# Burton AK Yeti Glove



## Glade Ripper (Nov 12, 2008)

Burton AK Yeti Glove - Men's from Backcountry.com

I was looking at these gloves and was wondering what other people thought. If anyone has them or knows someone who does are they worth the money? I want a shorter glove so I can put my jacket sleeve over my gloves and also want a glove that I can do things in as well rather than having to take off my gloves to grab anything. Any info or advice would be great. Currently I just have a pair of burton gloves


----------



## Flick Montana (Jul 9, 2007)

Wow! $130 gloves. I never bought new gloves, I've always just used my $40 pair from Dick's. For that kind of money, they better keep your hands warm. And give them a fresh pine scent.


----------



## Vlaze (Nov 12, 2008)

And they better be able to do Iron Man's repulsor blast.


----------



## jmacphee9 (Nov 11, 2008)

Vlaze said:


> And they better be able to do Iron Man's repulsor blast.
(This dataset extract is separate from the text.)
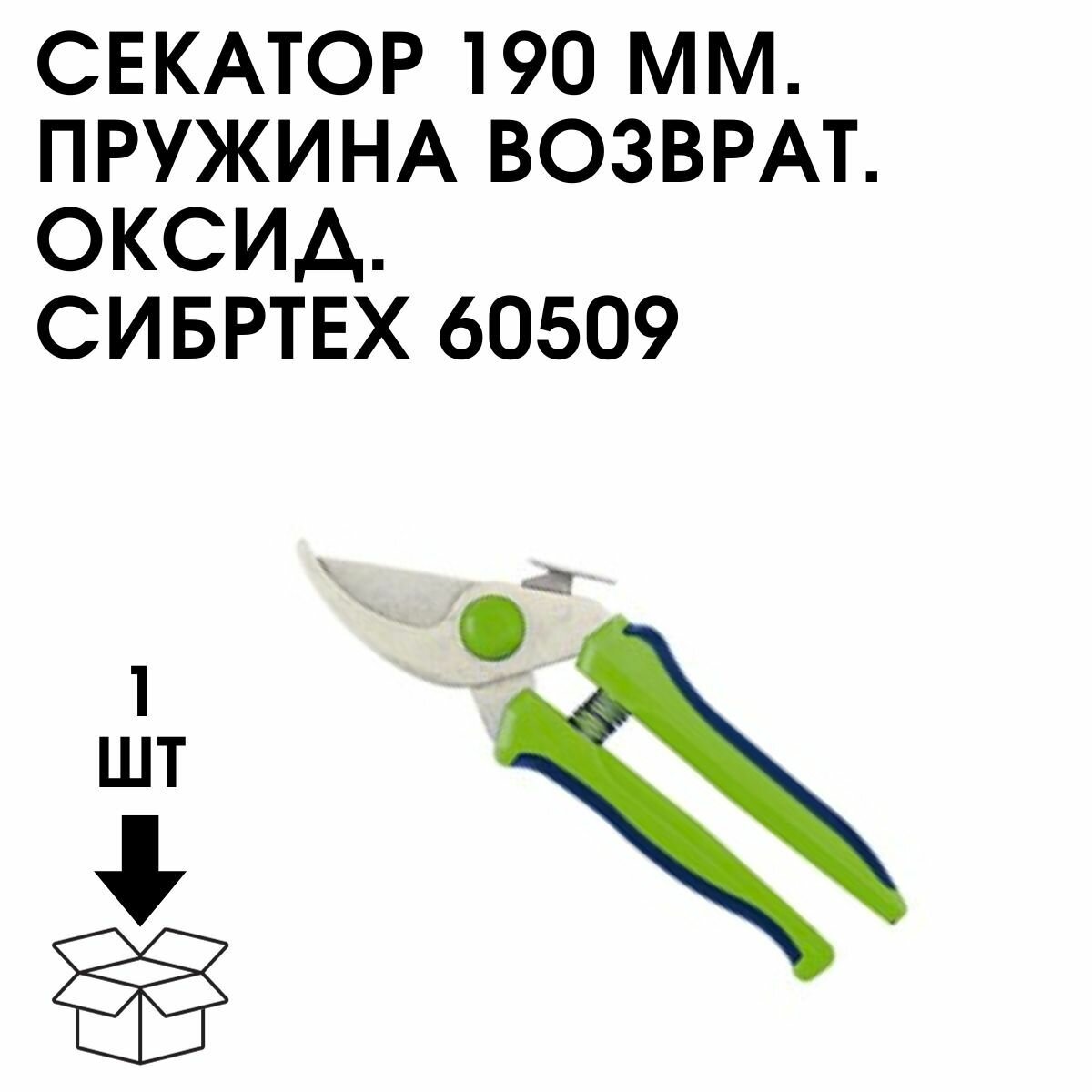 Секатор, 190 мм, пружина возвратная, оксидированное покрытие, пластиковые ручки СИБРТЕХ 60509

130$!!!!!!!!!1!1!1!!!!!!!!!!1!11!11!1!!!!!! damn they better pull effortless grabs for you


----------



## X1n54n3x (Sep 28, 2007)

130, they better give blowjobs on demand


----------



## Flick Montana (Jul 9, 2007)

X1n54n3x said:


> 130, they better give blowjobs on demand


Technically, it would be a hand job. Not quite as good. Especially if they have rubber grip...


----------